Still, the bulk of Exxon's earnings in the fourth quarter of 2021 came from upstream oil and gas operations. The corporation earned $8.9 billion in the fourth quarter of 2021 and $23 billion for the full year, reversing a $22.4 billion loss in 2020 on the strength of higher oil and natural gas prices.
Exxon said it will probably increase the $15 billion originally budgeted for low-carbon activities through 2027 by about $1 billion.
"We expect most investors anticipated" that Exxon would continue to slowly increase spending on low-carbon solutions, Truist Securities Inc. oil and gas analyst Neal Dingmann told clients before the call.
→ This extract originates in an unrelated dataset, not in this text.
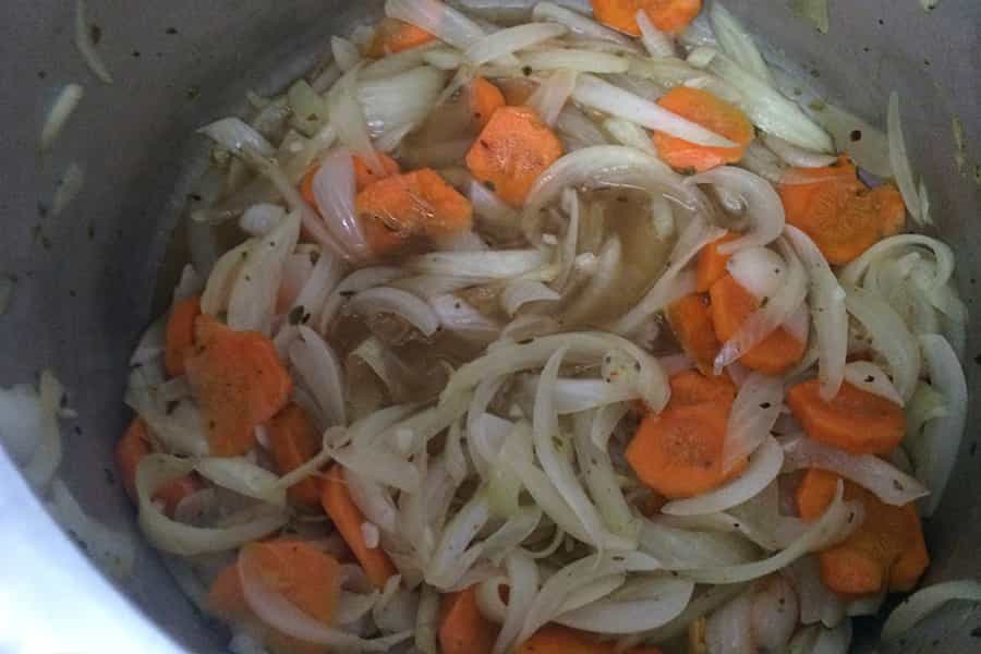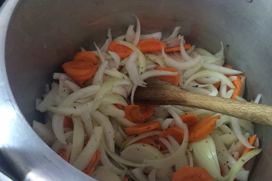 Para esta rica carne a la olla comenzaremos preparando el aliño. Por lo que pondremos un chorrito de aceite de oliva en nuestra olla a presión y comenzaremos a cortar nuestras cebollas, zanahorias y ajo. Añadiremos también la sal a gusto y el orégano.

Investors pushed Exxon shares up 6.5% to $80.89 in heavy trading by midday after the supermajor announced plans to buy back $10 billion worth of stock over the next two years. The company said in its earnings release that it paid down $20 billion of debt in 2021 and captured $1.9 billion in structural savings, putting it on pace to cut expenses by more than $6 billion from 2019 levels by 2023.
Even with the reorganization, Exxon is still behind European peers such as BP PLC or Shell PLC, said Mike Coffin, the head of oil, gas and mining research at Carbon Tracker, in an interview. Carbon Tracker is a London-based think tank that examines the impact of the energy transition on financial markets.
"It's a step in the right direction, but there's a long way to go," Coffin said. "Ultimately, their core business is still very much oil and gas production. They're not like some of the European majors who acknowledge the oil and gas, production will fall this decade. I have yet to see that acknowledgment from Exxon."
Exxon said it expects to reach its 2025 goal of a 15% to 20% reduction in greenhouse gas intensity from its own operations four years ahead of schedule. It added a new goal for net-zero carbon emissions: Achieving this benchmark from its own operations in the Permian Basin shale oil play in Texas by 2030.
Exxon expects to make a final investment decision soon on carbon capture and storage projects in Wyoming and Rotterdam, Netherlands, Woods said. It has 14 companies participating in the development of a carbon capture hub in Houston that would remove 100 million tonnes of CO2 per year by 2040.
"We're very early in this process," Woods said. "I mean, this is a very dynamic space. If you think back a couple of years ago, hydrogen and carbon capture, and frankly even biofuels, were struggling to be in the mix in terms of potential solutions. I think people recognize the importance they're going to play going forward."